* Directions for this task *
When you copy the data, keep every line exactly as written and skip the pictures.
··· Given material
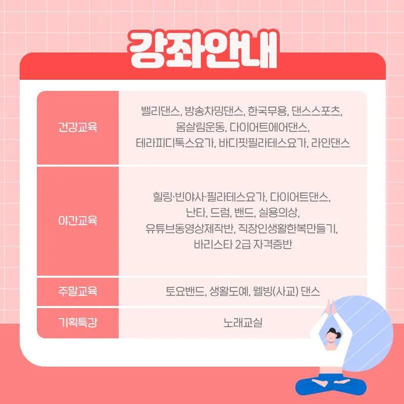 힐링 · 빈야사 · 필라테스요가, 다이어트댄스 , 난타, 드럼, 밴드, 실용의상 , 유튜브동영상제작반, 직장인생활한복만들기, 바리스타 2급 자격증반 |
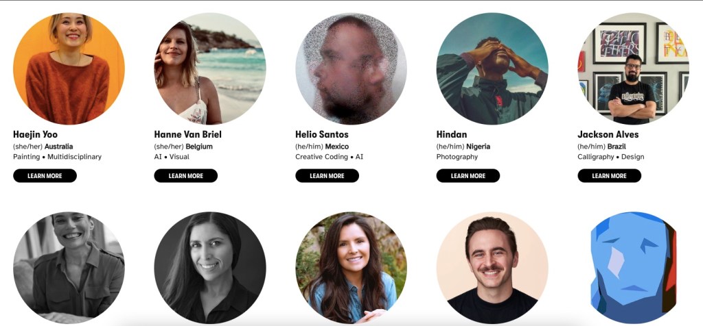 De acuerdo con el portal internet de HUG, los artistas son seleccionados bajo la premisa de ser “artistas excepcionales que están dando forma al futuro del arte y la creatividad”. Se refiere, de manera especial, a las y los artistas que están trabajando en arte contemporáneo y también en el uso de la tecnología.
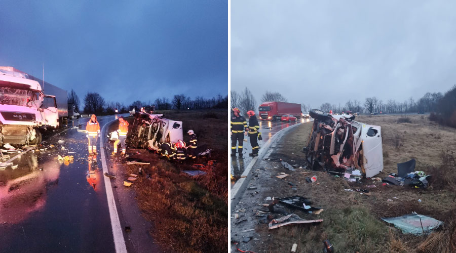 Tragedie, în apropiere de Lugoj! Un tânăr a murit pe loc, după ce a intrat cu camioneta într-un tir!
······
* Exercise answer *
 힐링 · 빈야사 · 필라테스요가, 다이어트댄스 , 난타, 드럼, 밴드, 실용의상 , 유튜브동영상제작반, 직장인생활한복만들기, 바리스타 2급 자격증반 |
 De acuerdo con el portal internet de HUG, los artistas son seleccionados bajo la premisa de ser “artistas excepcionales que están dando forma al futuro del arte y la creatividad”. Se refiere, de manera especial, a las y los artistas que están trabajando en arte contemporáneo y también en el uso de la tecnología.
 Tragedie, în apropiere de Lugoj! Un tânăr a murit pe loc, după ce a intrat cu camioneta într-un tir!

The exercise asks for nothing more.